Classic EDS: Simply a type v collagen deficiency story?


Several reports since the mid 1990s have demonstrated causal mutations in COL5A1 and COL5A2 in Ehlers-Danlos syndrome (EDS) Classic Type. However, the presence of rare type I collagen variants, and the absence of a large consecutive series with fully annotated clinical findings and mutation analysis, has not permitted the same definitive molecular causation for classic EDS as for the Marfan syndrome. Symoens et al. (Hum Mutat 33: 1485–1493, 2012) have now reported what is likely to be a benchmark clinical/molecular series on classic EDS. One hundred twenty-six patients with suspected classic EDS underwent sequence analysis of COL5A1 and COL5A2 and haplo-insufficiency studies of COL5A1, of which 102 patients displayed all three cardinal features of classic EDS: laxity of small and large joints, velvety hyperextensible skin, and widened atrophic scars. Ninety-three patients were found to have evidence of type V collagen mutations, with more than half of these resulting in haploinsufficiency of COL5A1. While 93 of 102 patients with all three major features had evidence of type V collagen deficiency, none of the 24 patients having only two of the major clinical features but lacking fragile skin and atrophic scars did. The latter features might then point to a more specific tissue requirement for type V collagen, whereas the other two features are likely to be more causally heterogeneous, since they are also found in other forms of EDS.

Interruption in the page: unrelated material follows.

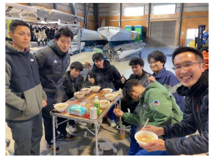
捕獲した『カニ』と『カニ汁をつくる様子とみんなで試食！』
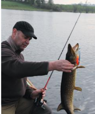
Sur les plateaux, le Busterjerk 2 a une nouvelle fois prouvé son efficacité.

If one were to assume that the presence of all three cardinal features defines the phenotype, then the exon-centric approach used by Symoens et al. has 92% (93/102) sensitivity. The authors argue, with some plausibility, that since their methods do not detect mutations in the promoter region or deep within introns, the undetected mutations lurk there. It is just as likely, however, that undetected type COL5A1 mutations in those regions account only for the 7/102 patients with molecular evidence of COL5A1 haplo-insufficiency but without a detected mutation, and that causal mutations occur elsewhere. The final answer will require a full genome approach, which is now within reach.